FSDB

seth vidal skvidal at phy.duke.edu
Tue Aug 12 04:56:18 UTC 2003


> There already exists rpmdb-redhat, which you can use (possibly from
> readonly media): 
> 
> rpm -V --dbpath /usr/lib/rpmdb/i386-redhat-linux/redhat/ foo
> 
> However a couple of caveats apply:
> 
> 1) This doesn't seem to be kept in sync with errata, which I can
> understand as if you have it installed it's an extra package to update
> each time, I guess you could have rpmdb-redhat-errata too.
> 2) You can't trust it on your system, but no reason you can't have it
> from ro media as it's static
> 3) You don't know you can trust your rpm binary, so I guess a statically
> linked one on ro media along with the db would be useful 
> 4) This possibly doesn't help with lkm/rootkits which may be able to do
> evil things intercepting your rpm calls.  I don't know of any that do
> this automagically (quick google), but certainly a bootable cd with rpm,
> rpmdb-redhat pluss errata db entries would be simple to maintain.

I think I mentioned this before but it would be a neat idea and it could
help with this problem:

have a db of the rpm headers for a long time back - this would be
dramatically smaller than keeping the actual files - on average an rpm
header is 1% the size of the rpm it is from.

so then you could do the following:
request that a check be done on package foobar on your system
that would - get the epoch,ver,release,arch from your rpmdb for that
package.
look up the header for that package in the remote headers. Download it.
Compare the files on your system to the file/md5sum list in the header
it downloaded. If they don't match return the failures.

If the remote header doesn't exist for the package you requested then 
name-epoch-ver-rel-arch then return a failure.

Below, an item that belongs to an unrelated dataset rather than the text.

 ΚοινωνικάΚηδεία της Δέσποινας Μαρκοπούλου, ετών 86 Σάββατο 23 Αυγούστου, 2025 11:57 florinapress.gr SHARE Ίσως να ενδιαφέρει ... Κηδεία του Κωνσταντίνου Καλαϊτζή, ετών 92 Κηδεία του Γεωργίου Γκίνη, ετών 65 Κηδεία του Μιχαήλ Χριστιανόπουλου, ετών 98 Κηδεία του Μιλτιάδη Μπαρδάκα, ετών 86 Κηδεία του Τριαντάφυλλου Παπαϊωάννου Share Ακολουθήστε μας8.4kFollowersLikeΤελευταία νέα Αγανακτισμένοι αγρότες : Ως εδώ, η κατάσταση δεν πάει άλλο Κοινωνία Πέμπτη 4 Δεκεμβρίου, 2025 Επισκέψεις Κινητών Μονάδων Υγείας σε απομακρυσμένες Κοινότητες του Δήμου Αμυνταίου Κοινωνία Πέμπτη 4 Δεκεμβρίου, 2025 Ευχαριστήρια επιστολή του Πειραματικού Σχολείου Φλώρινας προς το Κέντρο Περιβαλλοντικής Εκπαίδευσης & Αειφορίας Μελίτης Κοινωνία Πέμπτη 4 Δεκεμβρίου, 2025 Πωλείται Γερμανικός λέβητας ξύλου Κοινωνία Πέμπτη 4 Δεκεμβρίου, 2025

That way the only trust you'd have in your local rpmdb is to tell you
the ver of the package you have installed. And even then it wouldn't be
trusted for the file list.

seriously the functions that would need to be written to perform this
are not hard:

1. md5sum of files on your disk
2. system acl checks of files on your disk
3. matching and downloading hdrs from remote

everything else is interface and glue.

I think this would be a great project to work on if someone had some
time to devote to it.

maybe if I get some time later I'll try to work on it.